# [Directions]
Take the material below and reproduce, word for word, only the lines from the line with "doure o alho. |" through the line with "紫铜茶洗大号手工锤目纹茶洗杯碗复古水盂茶水缸禅意建水废水洗笔".

# [Supplied records]

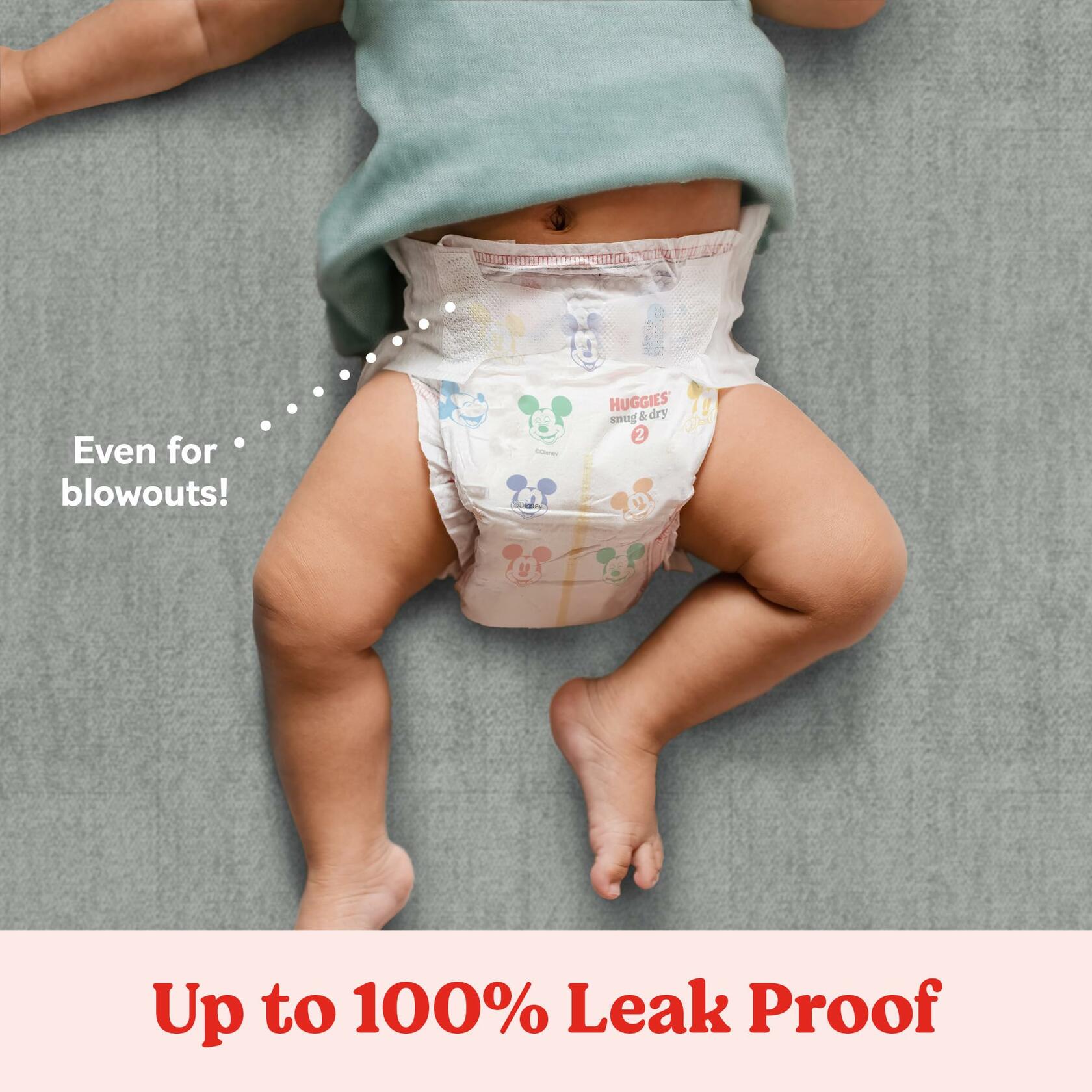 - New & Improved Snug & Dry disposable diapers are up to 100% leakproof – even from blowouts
---
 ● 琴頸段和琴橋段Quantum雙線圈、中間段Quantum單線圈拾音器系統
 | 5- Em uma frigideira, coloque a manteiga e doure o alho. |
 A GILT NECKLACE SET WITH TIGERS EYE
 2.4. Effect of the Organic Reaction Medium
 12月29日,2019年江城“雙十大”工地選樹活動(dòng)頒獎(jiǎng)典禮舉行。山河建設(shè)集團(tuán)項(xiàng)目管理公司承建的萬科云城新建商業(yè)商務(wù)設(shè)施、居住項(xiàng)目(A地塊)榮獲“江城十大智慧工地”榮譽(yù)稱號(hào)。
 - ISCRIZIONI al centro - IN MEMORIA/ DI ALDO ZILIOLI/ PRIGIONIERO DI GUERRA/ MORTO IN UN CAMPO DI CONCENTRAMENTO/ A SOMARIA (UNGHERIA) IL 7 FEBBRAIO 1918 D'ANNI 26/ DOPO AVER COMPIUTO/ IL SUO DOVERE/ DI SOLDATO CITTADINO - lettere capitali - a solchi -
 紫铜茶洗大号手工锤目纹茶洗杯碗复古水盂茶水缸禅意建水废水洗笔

# [Solution to this problem]
 | 5- Em uma frigideira, coloque a manteiga e doure o alho. |
 A GILT NECKLACE SET WITH TIGERS EYE
 2.4. Effect of the Organic Reaction Medium
 12月29日,2019年江城“雙十大”工地選樹活動(dòng)頒獎(jiǎng)典禮舉行。山河建設(shè)集團(tuán)項(xiàng)目管理公司承建的萬科云城新建商業(yè)商務(wù)設(shè)施、居住項(xiàng)目(A地塊)榮獲“江城十大智慧工地”榮譽(yù)稱號(hào)。
 - ISCRIZIONI al centro - IN MEMORIA/ DI ALDO ZILIOLI/ PRIGIONIERO DI GUERRA/ MORTO IN UN CAMPO DI CONCENTRAMENTO/ A SOMARIA (UNGHERIA) IL 7 FEBBRAIO 1918 D'ANNI 26/ DOPO AVER COMPIUTO/ IL SUO DOVERE/ DI SOLDATO CITTADINO - lettere capitali - a solchi -
 紫铜茶洗大号手工锤目纹茶洗杯碗复古水盂茶水缸禅意建水废水洗笔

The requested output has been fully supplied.